Jason Epstein thought of Amazon before Jeff Bezos. Or at least, he understood the concept: the necessity, and power, of making the world’s backlist available at all times. Epstein’s uniquely revolutionary presence in publishing belies the bias that editors are English majors who don’t read the Journal. The New York Review of Books’s 11 March edition has Epstein’s thoughts on the industry's future, the “fragility” of digitization, and the enduring individuality of literary creation.
Epstein speaks of what “will” happen, and his past predictive talents make the lure of taking his word for it (extremely) strong. Here is what he sees happening now:
The transition within the book publishing industry from physical inventory stored in a warehouse and trucked to retailers to digital files stored in cyberspace and delivered almost anywhere on earth as quickly and cheaply as e-mail is now underway and irreversible. This historic shift will radically transform worldwide book publishing, the cultures it affects and on which it depends. Meanwhile, for quite different reasons, the genteel book business that I joined more than a half-century ago is already on edge, suffering from a gambler's unbreakable addiction to risky, seasonal best sellers, many of which don't recoup their costs, and the simultaneous deterioration of backlist, the vital annuity on which book publishers had in better days relied for year-to-year stability through bad times and good. The crisis of confidence reflects these intersecting shocks, an overspecialized marketplace dominated by high-risk ephemera and a technological shift orders of magnitude greater than the momentous evolution from monkish scriptoria to movable type launched in Gutenberg's German city of Mainz six centuries ago.
Here is what we might consider scary:
The most radical of these fantasies posits that the contents of the digital cloud will merge or be merged—will "mash up"—to form a single, communal, autonomous intelligence, an all-encompassing, single book or collective brain that reproduces electronically on a universal scale the synergies that occur spontaneously within individual minds. To scorn a bold new hypothesis—the roundness of the earth, its rotation around the sun—is always a risk but here the risk is minimal. The nihilism—the casual contempt for texts—implicit in this ugly fantasy is nevertheless disturbing as evidence of cultural impoverishment, more offensive than but not unrelated to the assumption of e-book maximalists that authors who spend months and years at their desks will not demand physical copies as evidence of their labors and hope for posterity.
And yet, in some respects, the more things change . . .
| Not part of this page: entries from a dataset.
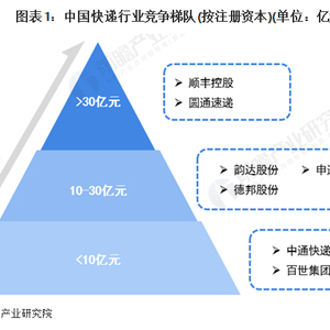快递业是现代服务业的重要组成部分,是推动流通方式转型、促进消费升级的现代化先导性产业。快递行业依据企业的注册资本划分,可分为3个竞争梯队。其中,注册资本大于30亿元的企业有顺丰控股、圆通速递;注册资本在10-30亿元之间的企业有:韵达股份、申通快递、德邦股份;其余企业的注册资本在10亿元以下。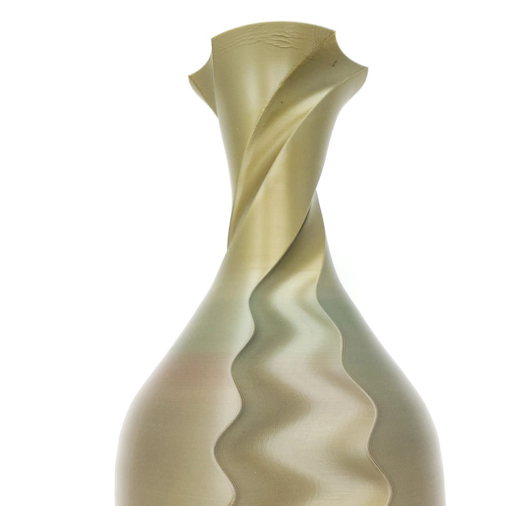 A gorgeous metallic 3D printed geometric vase, adding a modern touch of elegance and sure to become a conversation piece in your home! These vases are 3D printed with a high-quality multi-color gradient filament, and each is unique in the spread of colors. Eco-friendly and durable!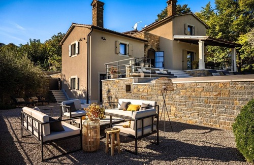 Escape to Villa Boshka, a haven nestled near the tranquil town of Gracisce, surrounded by lush forests that ensure peace and privacy. This exquisite villa seamlessly blends modern and Mediterranean designs, with carefully chosen furnishings and thoughtful decoration creating a warm, homely atmosphere throughout.
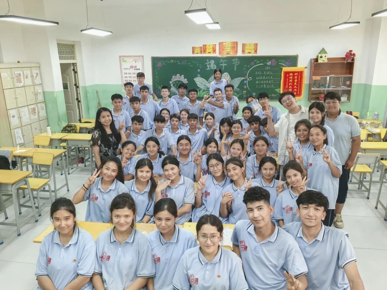 和同学们合影
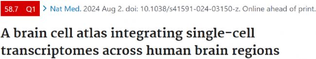 頂刊文獻三:整合人類大腦區(qū)域單細胞轉(zhuǎn)錄組的腦細胞圖譜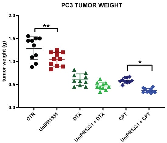 Comparisons amongst treatments in terms of final tumor weight in PC3-xenograft nude mice after 5 weeks of treatment. One-way ANOVA followed by Tukey’s post-test was used to compare all the groups to control group, * p < 0.05, ** p < 0.01. CTR was significantly different from any treatment or association and UniPR1331 was significantly different from DTX, CPT, and their associations (data not reported in the graph for simplicity). All the groups passed Shapiro–Wilk normality test.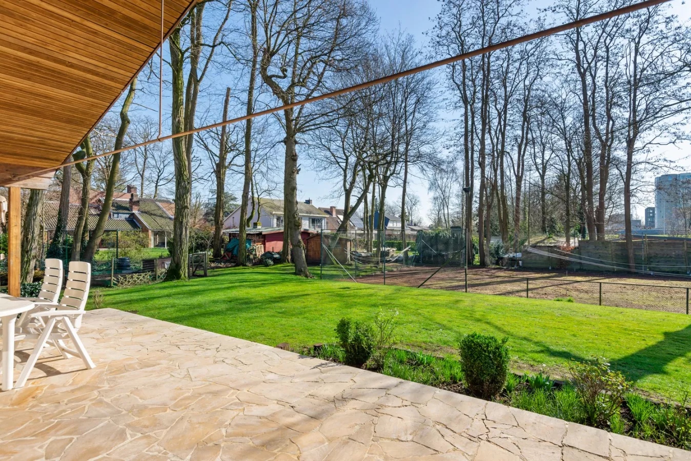 De woning beschikt over een prachtige zuid en zuidwest georiënteerde tuin met zicht op het kanaal en jaagpad, ideaal voor de warme zomerdagen. Bijkomend is een gravel tennisveld aanwezig. Het tennisveld voegt een element van recreatie toe, perfect voor sportliefhebbers en gezinnen die graag buiten actief zijn.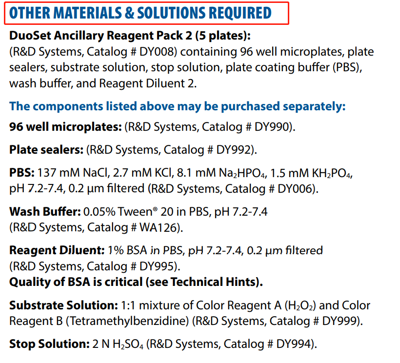 在說明書的「Other Materials & Solutions Required」部分,會提示需要搭配哪些試劑,產品頁面也會給出建議搭配的附屬試劑(請參考下圖)。大部分 DuoSet? ELISA 試劑盒可以直接購買成套的輔助試劑盒,例如 DY007、DY008、DY009 等。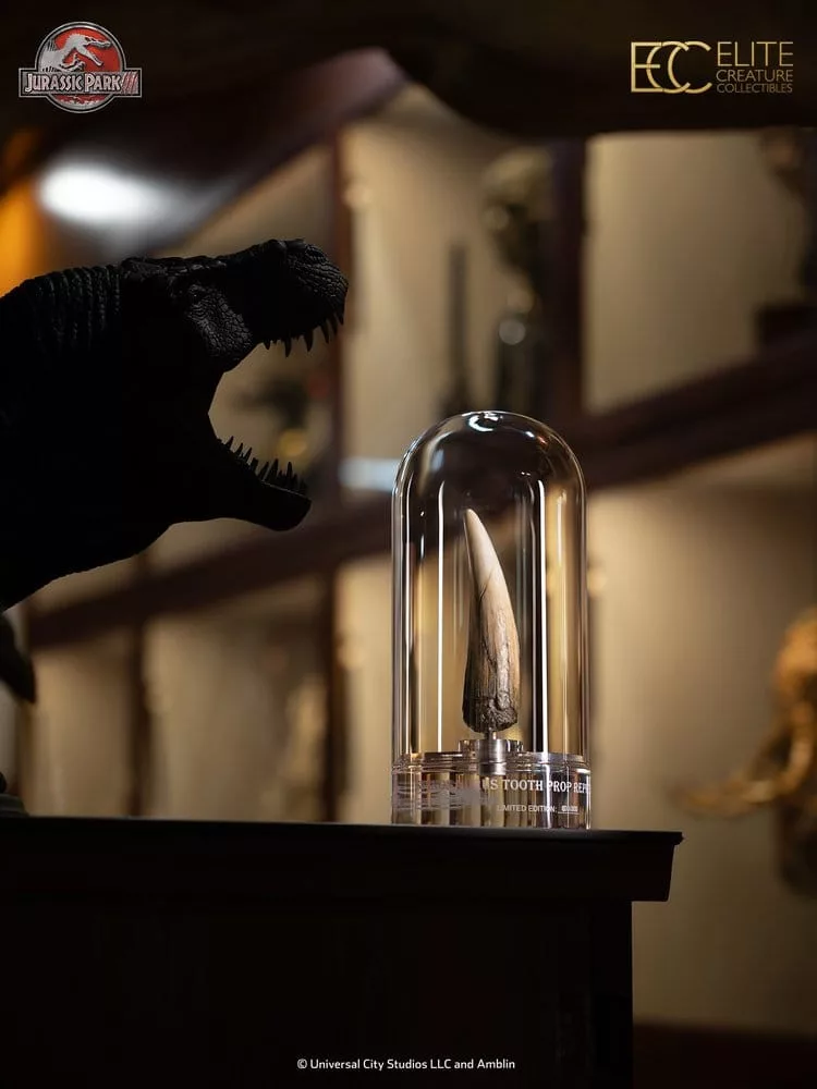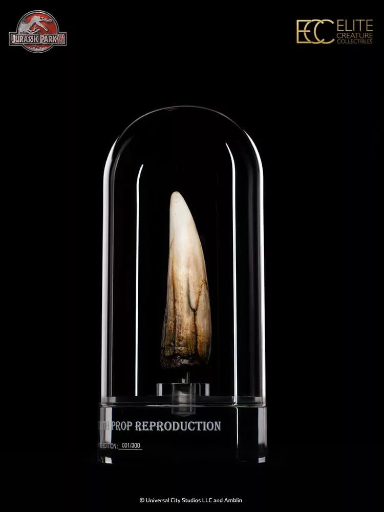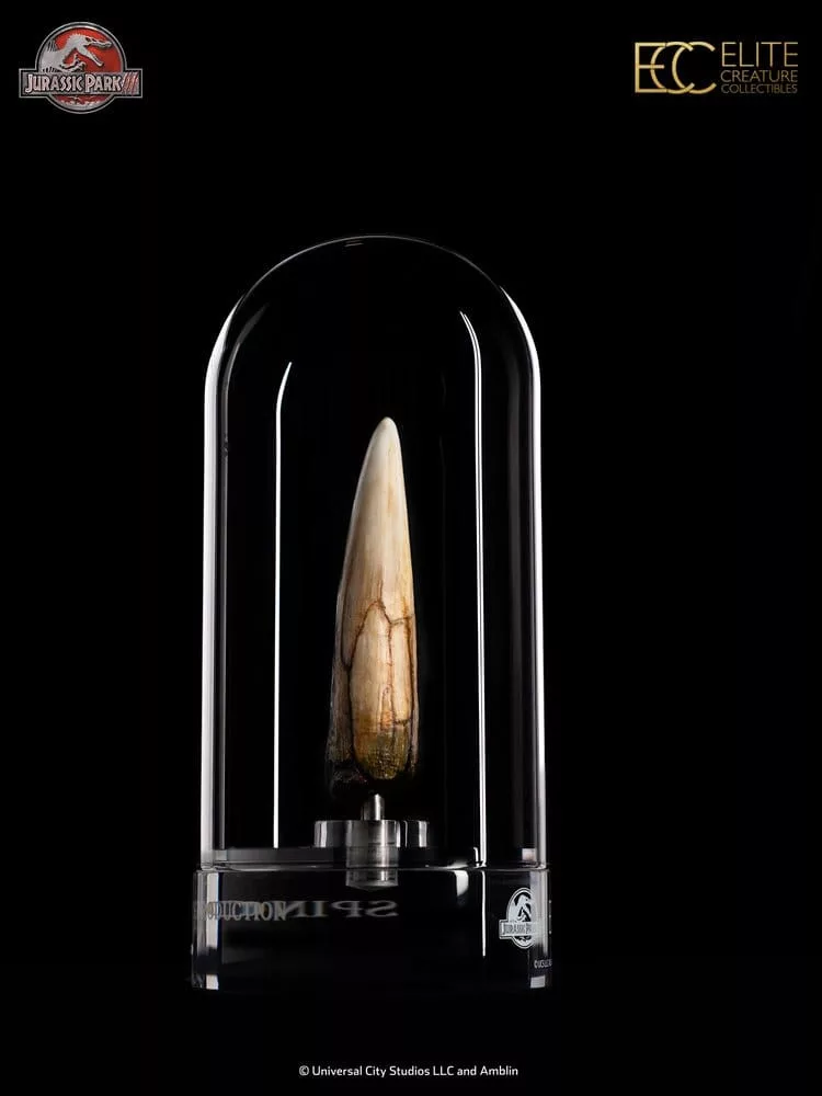 Elite Creature Collectibles is proud to present this Spinosaurus Tooth Prop Reproduction for Jurassic Park fans and collectors. The prototype tooth was further refined by legendary special effects artist Rob Hinderstein, who added additional cracking and scratch details to enhance screen accuracy.

The difficult, solitary work of literary creation, however, demands rare individual talent and in fiction is almost never collaborative. Social networking may expose readers to this or that book but violates the solitude required to create artificial worlds with real people in them. Until it is ready to be shown to a trusted friend or editor, a writer's work in progress is intensely private. Dickens and Melville wrote in solitude on paper with pens; except for their use of typewriters and computers so have the hundreds of authors I have worked with over many years.
As Epstein puts it, “new technologies, however, do not await permission.” It is unclear how publishers will accommodate this lack of politesse, but one thing seems certain: the role of editors who anticipate these shifts is more important than ever before.